(Data)

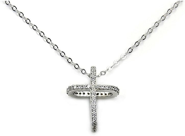 Faith, Hope, Love’ Sparkling Cross Necklace 925 Sterling Silver Gift
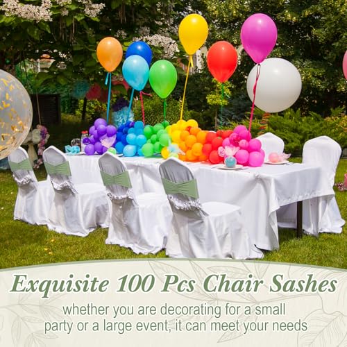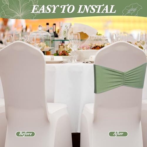 Specification: Moukeren 100 Pcs Spandex Chair Sashes Bows Bands Slider Sashes for Chair Covers Elastic Bands Ties Ribbon Decorations for Wedding Party Events Ceremony Birthday Banquet(Sage Green)
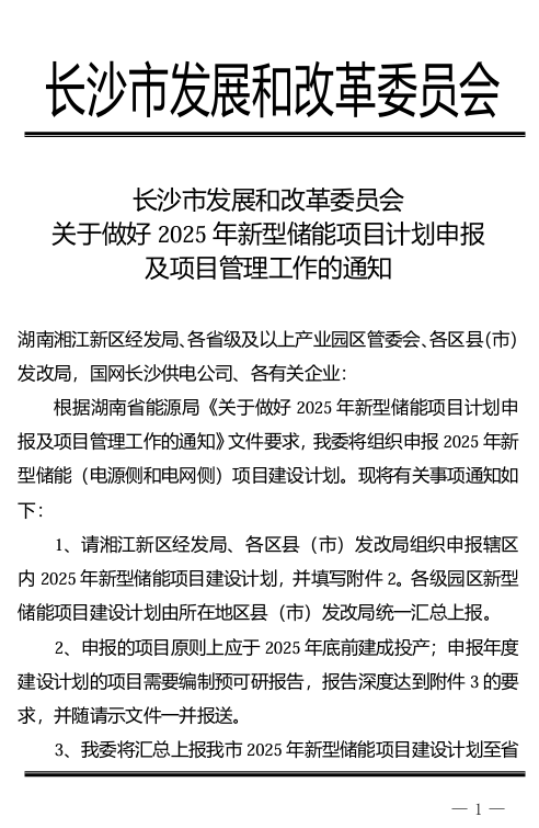 11月7日,長沙市發展和改(gai)革(ge)委員會發布做好2025年新(xin)型(xing)儲(chu)能(neng)項目(mu)計(ji)(ji)劃申報及項目(mu)管理工作。文件(jian)提出,長沙發改(gai)委將(jiang)組織申報2025年電源側和電網側儲(chu)能(neng)項目(mu)建設計(ji)(ji)劃。申報的項目(mu)原則上應(ying)于2025年底(di)前建成投產(chan)。 文(wen)件要求,未納(na)入年(nian)度建設計劃的電網側(ce)和電源側(ce)新型(xing)儲能項目(mu),屬地發改部門不予辦理(li)備案,電網企業不予受理(li)接網申請。 原文如下:
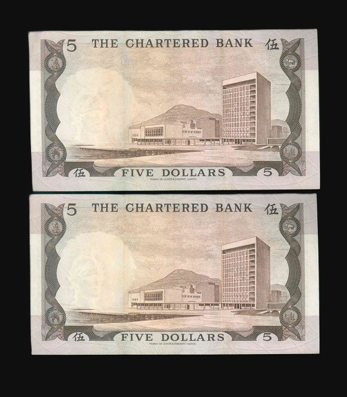 1975ND 香港渣打銀行 $5 EF 編號:A0522601-02(共2張,連號)
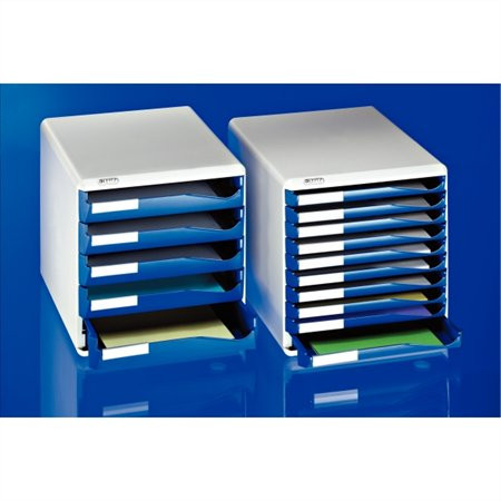 -hagyományos formájú fiókos irattárolók széles választékban -szürke alapszín színes fiókokkal -minden fiókon feliratozási lehetőség -a keretek egymásra építhetők -címketartó -méret: 285 x 290 x 355 mm
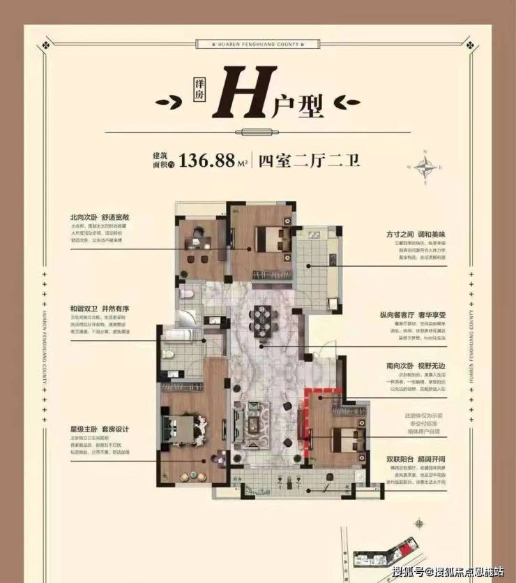 136.88㎡,4室2厅2卫,南向双阳台,主卧的空间更大,可以设置办公区域。

(End Data)

What to work on:
With the pictures removed, write the listing out word for word.

Expected output:
 Faith, Hope, Love’ Sparkling Cross Necklace 925 Sterling Silver Gift
 Specification: Moukeren 100 Pcs Spandex Chair Sashes Bows Bands Slider Sashes for Chair Covers Elastic Bands Ties Ribbon Decorations for Wedding Party Events Ceremony Birthday Banquet(Sage Green)
 11月7日,長沙市發展和改(gai)革(ge)委員會發布做好2025年新(xin)型(xing)儲(chu)能(neng)項目(mu)計(ji)(ji)劃申報及項目(mu)管理工作。文件(jian)提出,長沙發改(gai)委將(jiang)組織申報2025年電源側和電網側儲(chu)能(neng)項目(mu)建設計(ji)(ji)劃。申報的項目(mu)原則上應(ying)于2025年底(di)前建成投產(chan)。 文(wen)件要求,未納(na)入年(nian)度建設計劃的電網側(ce)和電源側(ce)新型(xing)儲能項目(mu),屬地發改部門不予辦理(li)備案,電網企業不予受理(li)接網申請。 原文如下:
 1975ND 香港渣打銀行 $5 EF 編號:A0522601-02(共2張,連號)
 -hagyományos formájú fiókos irattárolók széles választékban -szürke alapszín színes fiókokkal -minden fiókon feliratozási lehetőség -a keretek egymásra építhetők -címketartó -méret: 285 x 290 x 355 mm
 136.88㎡,4室2厅2卫,南向双阳台,主卧的空间更大,可以设置办公区域。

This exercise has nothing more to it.